▸ Task to carry out: Directions for the data below: repeat exactly the lines from the one with "가을과 겨울 사이클링" through the one with "(2023·全国乙卷)位于日", both included, and omit all pictures.
######
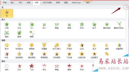 3、我們可以選擇我們喜歡的動畫進行設置。如果這些都不是自己想要的,我們可以點擊下拉三角進行選擇喜歡的動畫方式,包括“進入”、“強調”、“退出”、“動作路徑”等等
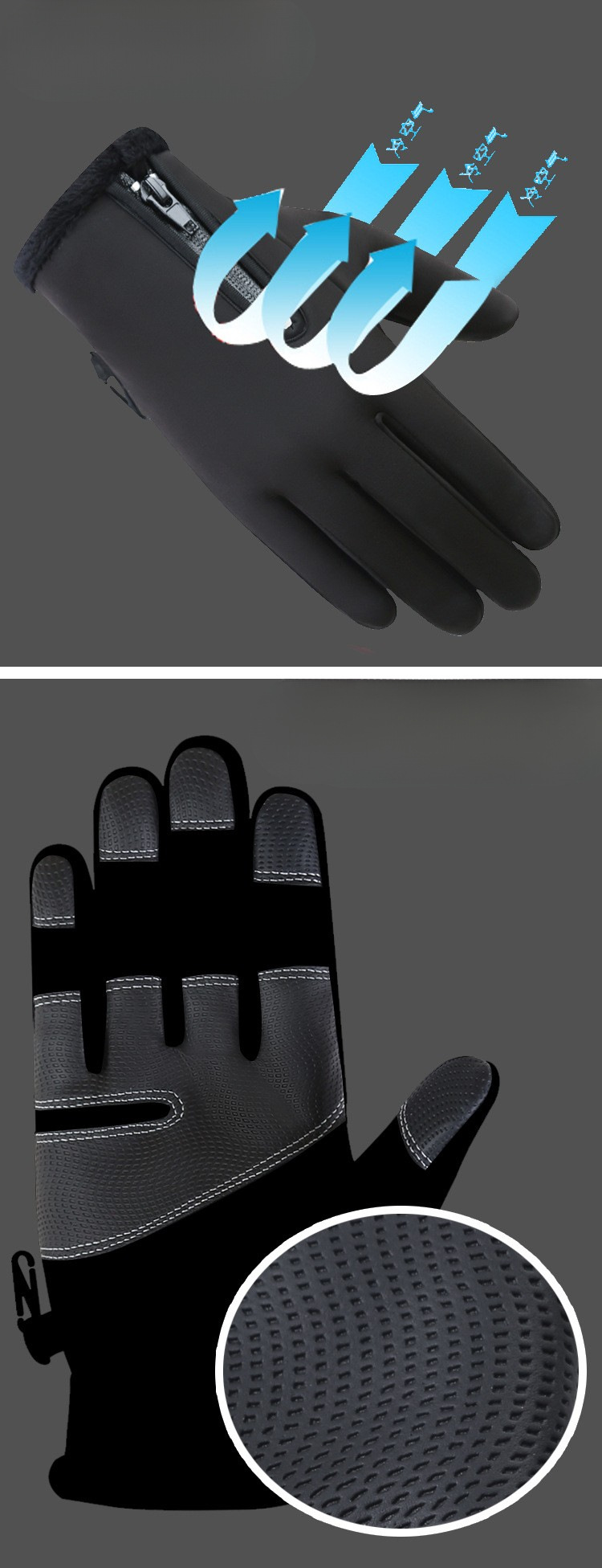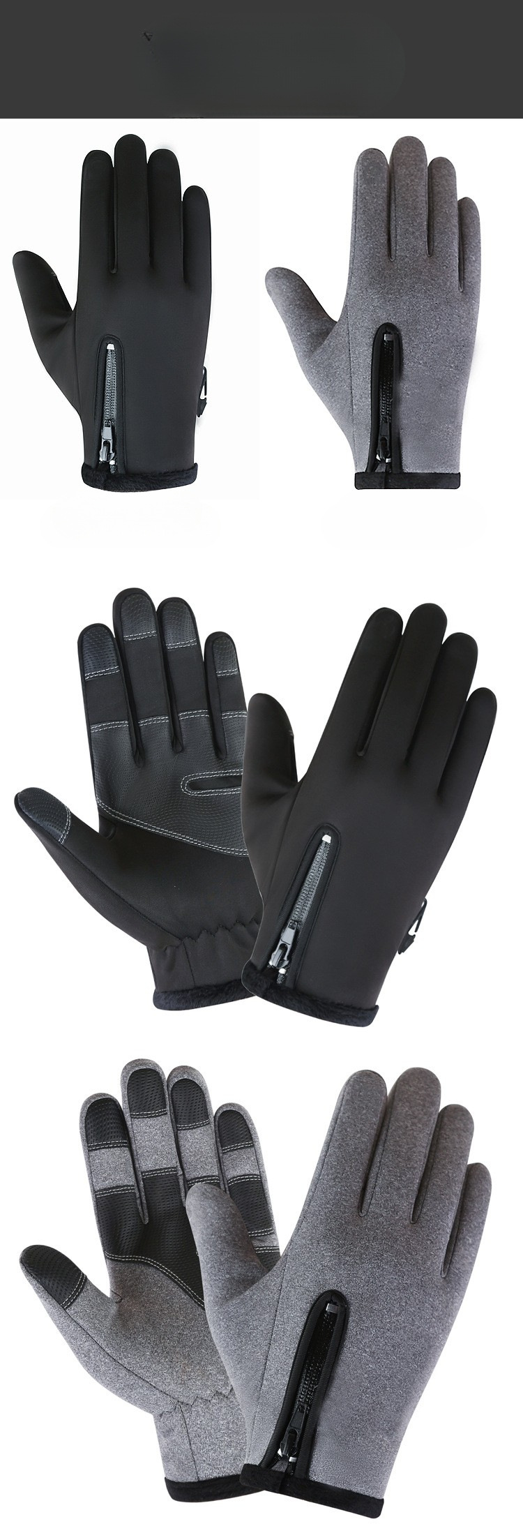 가을과 겨울 사이클링 남성과 여성의 양털 방풍 따뜻한 터치 스크린 장갑 야외 등산 스키 사이클링 지퍼 장갑
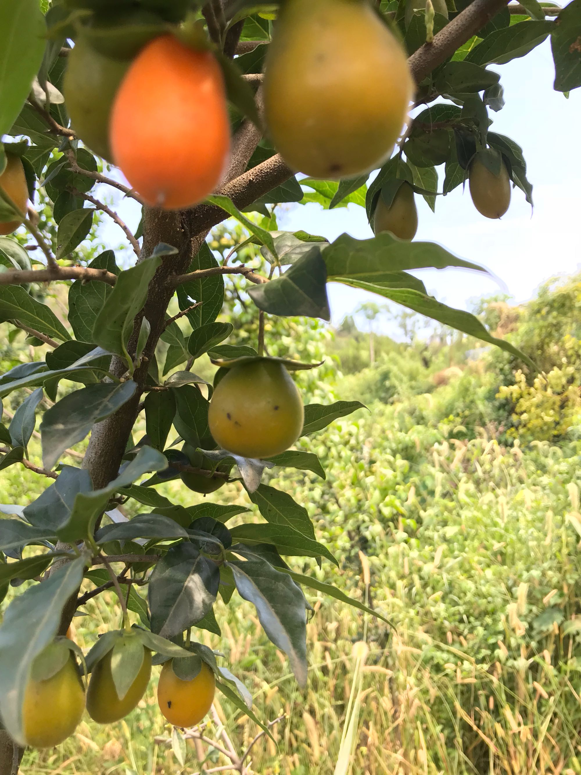 靓果多多咉山窝,何须爬山坡。信手顺来红黄果,我自怀中裹。
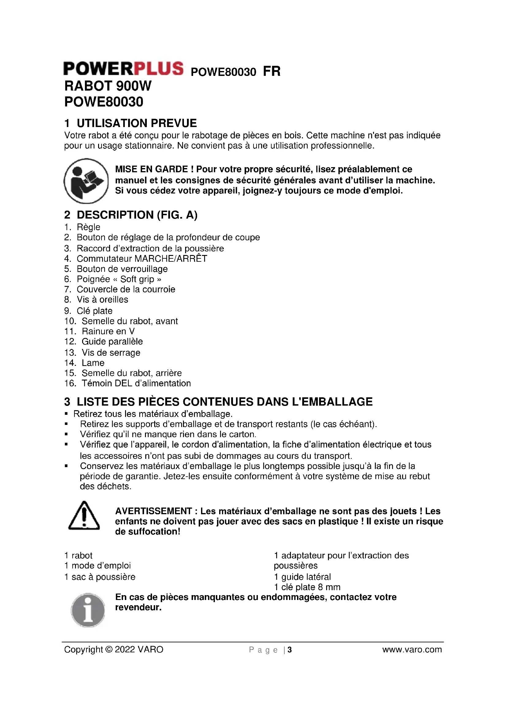Copyright © 2022 VARO P a g e | 3 www.varo.com RABOT 900W POWE80030 1 UTILISATION PREVUE Votre rabot a été conçu pour le rabotage de pièces en bois. Cette machine n'est pas indiquée pour un usage stationnaire. Ne convient pas à une utilisation professionnelle. MISE EN GARDE ! Pour votre propre sécurité, lisez préalablement ce manuel et les consignes de sécurité générales avant d’utiliser la machine. Si vous cédez votre appareil, joignez-y toujours ce mode d'emploi. 2 DESCRIPTION (FIG. A)
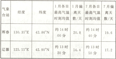(2023·全国乙卷)位于日本海附近的珲春与内陆的辽源各日最高气温时刻(北京时间)的月均值不同(如表)。规定各日最高气温时刻与月均值相差超过1小时为偏离。据此完成39题。
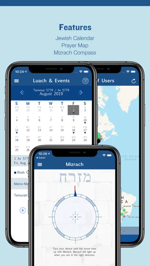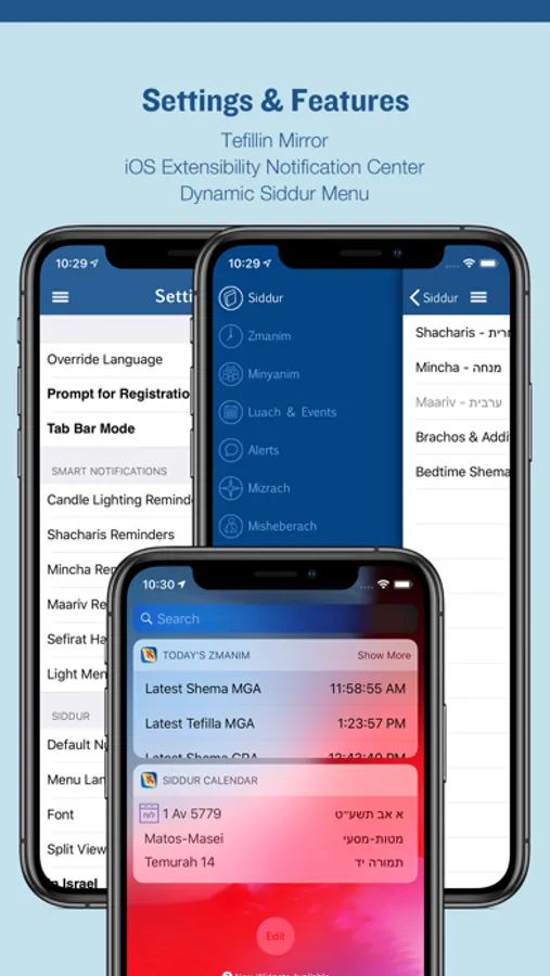 קחו את הסידור העמוס בתכונות לכל מקום. תוכלו לקבל גירסאות תפילה בנוסח אשכנז, ספרד, עדות מזרח ונוסח האר"י (חב"ד). הסידור כולל תפילת שחרית מנחה וערבית לימות החול, ברכות ועוד. זמני תפילות לכל יום לכל מקום בהתאם לGPS של מכשיר האי פון. מסד נתונים של מנינים יאפשר לכם לאתר בית כנסת הקרוב אליכם. לוח שנה עברי יסייע לכם עם זמני תפילה. מצפן "מזרח" יגלה לכם לאיזה כיוון להתפלל מכל מקום (בדגם 3GS בלבד).
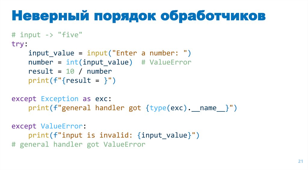 Неверный порядок обработчиков# input -> "five"
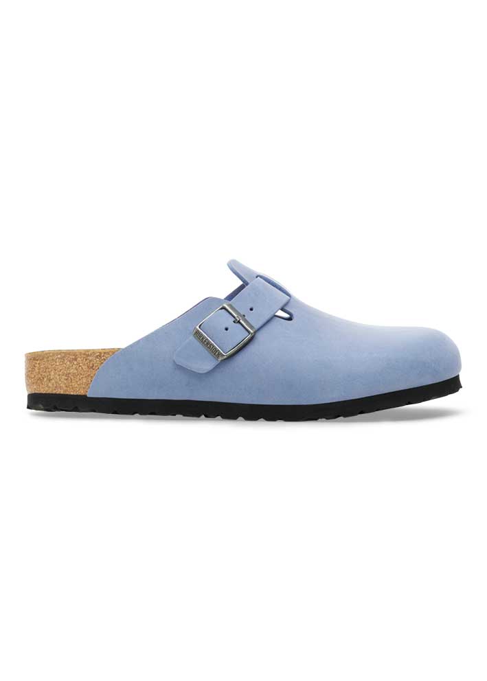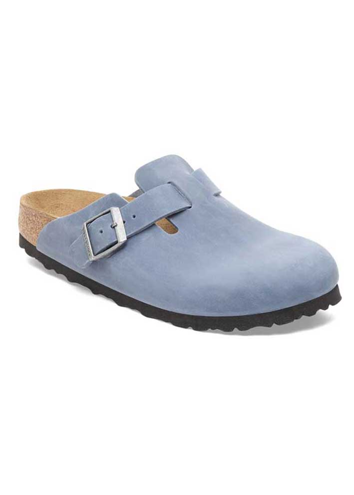 Birkenstock Boston i olieret læder* - En ægte klassiker fra Birkenstock - her i en smuk blå farve med rustik overflade. Skøn model, der kan anvendes hele året. Det lukkede design og den regulérbare rem over foden, gør at den sidder godt fast.
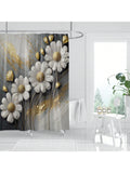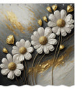 Golden Texture Floral Boho Daisy Shower Curtain Set: Modern Bathroom Decor with Hooks
######
▸ Exercise response:
 가을과 겨울 사이클링 남성과 여성의 양털 방풍 따뜻한 터치 스크린 장갑 야외 등산 스키 사이클링 지퍼 장갑
 靓果多多咉山窝,何须爬山坡。信手顺来红黄果,我自怀中裹。
Copyright © 2022 VARO P a g e | 3 www.varo.com RABOT 900W POWE80030 1 UTILISATION PREVUE Votre rabot a été conçu pour le rabotage de pièces en bois. Cette machine n'est pas indiquée pour un usage stationnaire. Ne convient pas à une utilisation professionnelle. MISE EN GARDE ! Pour votre propre sécurité, lisez préalablement ce manuel et les consignes de sécurité générales avant d’utiliser la machine. Si vous cédez votre appareil, joignez-y toujours ce mode d'emploi. 2 DESCRIPTION (FIG. A)
(2023·全国乙卷)位于日本海附近的珲春与内陆的辽源各日最高气温时刻(北京时间)的月均值不同(如表)。规定各日最高气温时刻与月均值相差超过1小时为偏离。据此完成39题。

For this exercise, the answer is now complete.